--- What you should do ---
Which lines run from the one with "Bible Verse Slide" through the end of the data? Retype them exactly, without pictures.

--- Data block ---
/---

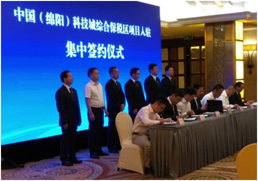 當(dāng)天,投資懇談會(huì)舉行了中國(guó)(綿陽(yáng))科技城綜合保稅區(qū)項(xiàng)目入駐集中簽約儀式,57個(gè)入駐綿陽(yáng)綜合保稅區(qū)項(xiàng)目進(jìn)行簽約,計(jì)劃投資總額114億元、實(shí)現(xiàn)進(jìn)出口額40億美元。凱時(shí)尊龍人生集團(tuán)作為57家知名企業(yè)的一員簽署了綿陽(yáng)綜合保稅區(qū)入駐意向協(xié)議。
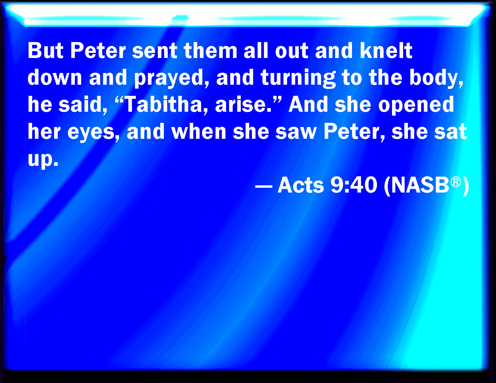 Bible Verse Slide Acts 9:40 But Peter put them all forth, and kneeled down, and prayed; and turning him to the body said, Tabitha, arise. And she opened her eyes: and when she saw Peter, she sat up. KJV: But Peter put them all forth, and kneeled down, and prayed; and turning him to the body said, Tabitha, arise. And she opened her eyes: and when she saw Peter, she sat up. DRB: And they all being put forth, Peter kneeling down prayed, and turning to the body, he said: Tabitha, arise. And she opened her eyes; and seeing Peter, she sat up. DBT: But Peter, putting them all out, and kneeling down, prayed. And, turning to the body, he said, Tabitha, arise. And she opened her eyes, and, seeing Peter, sat up. ERV: But Peter put them all forth, and kneeled down, and prayed; and turning to the body, he said, Tabitha, arise. And she opened her eyes; and when she saw Peter, she sat up. WBT: But Peter put them all forth, and kneeled down, and prayed; and turning to the body, said, Tabitha, arise. And she opened her eyes: and when she saw Peter, she sat up. WEB: Peter put them all out, and kneeled down and prayed. Turning to the body, he said, "Tabitha, get up!" She opened her eyes, and when she saw Peter, she sat up. YLT: And Peter having put them all forth without, having bowed the knees, did pray, and having turned unto the body said, 'Tabitha, arise;' and she opened her eyes, and having seen Peter, she sat up,Links Acts 9:40 NIV • Acts 9:40 NLT • Acts 9:40 ESV • Acts 9:40 NASB • Acts 9:40 KJV • Acts 9:40 Interlinear • Acts 9:40 Commentaries • Acts 9:40 Parallel Texts • Acts 9:40 Bible Apps • Acts 9:40 Parallel • Bible Hub |
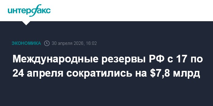 Международные резервы РФ с 17 по 24 апреля сократились на $7,8 млрд
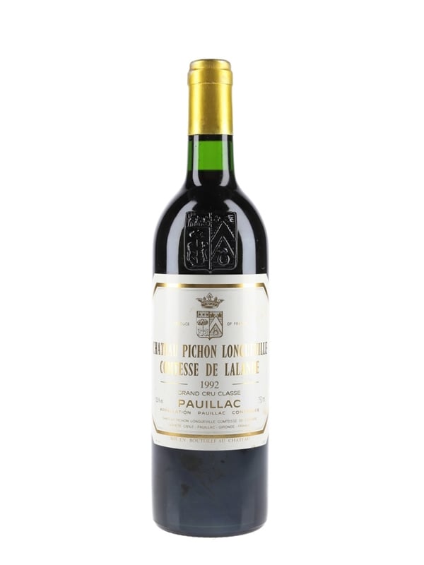 This lot contains a bottle of 1992 Château Pichon Longueville Comtesse de Lalande, a 'Super Second' growth from Bordeaux's Pauillac appellation.

\---

--- Answer space ---
 Bible Verse Slide Acts 9:40 But Peter put them all forth, and kneeled down, and prayed; and turning him to the body said, Tabitha, arise. And she opened her eyes: and when she saw Peter, she sat up. KJV: But Peter put them all forth, and kneeled down, and prayed; and turning him to the body said, Tabitha, arise. And she opened her eyes: and when she saw Peter, she sat up. DRB: And they all being put forth, Peter kneeling down prayed, and turning to the body, he said: Tabitha, arise. And she opened her eyes; and seeing Peter, she sat up. DBT: But Peter, putting them all out, and kneeling down, prayed. And, turning to the body, he said, Tabitha, arise. And she opened her eyes, and, seeing Peter, sat up. ERV: But Peter put them all forth, and kneeled down, and prayed; and turning to the body, he said, Tabitha, arise. And she opened her eyes; and when she saw Peter, she sat up. WBT: But Peter put them all forth, and kneeled down, and prayed; and turning to the body, said, Tabitha, arise. And she opened her eyes: and when she saw Peter, she sat up. WEB: Peter put them all out, and kneeled down and prayed. Turning to the body, he said, "Tabitha, get up!" She opened her eyes, and when she saw Peter, she sat up. YLT: And Peter having put them all forth without, having bowed the knees, did pray, and having turned unto the body said, 'Tabitha, arise;' and she opened her eyes, and having seen Peter, she sat up,Links Acts 9:40 NIV • Acts 9:40 NLT • Acts 9:40 ESV • Acts 9:40 NASB • Acts 9:40 KJV • Acts 9:40 Interlinear • Acts 9:40 Commentaries • Acts 9:40 Parallel Texts • Acts 9:40 Bible Apps • Acts 9:40 Parallel • Bible Hub |
 Международные резервы РФ с 17 по 24 апреля сократились на $7,8 млрд
 This lot contains a bottle of 1992 Château Pichon Longueville Comtesse de Lalande, a 'Super Second' growth from Bordeaux's Pauillac appellation.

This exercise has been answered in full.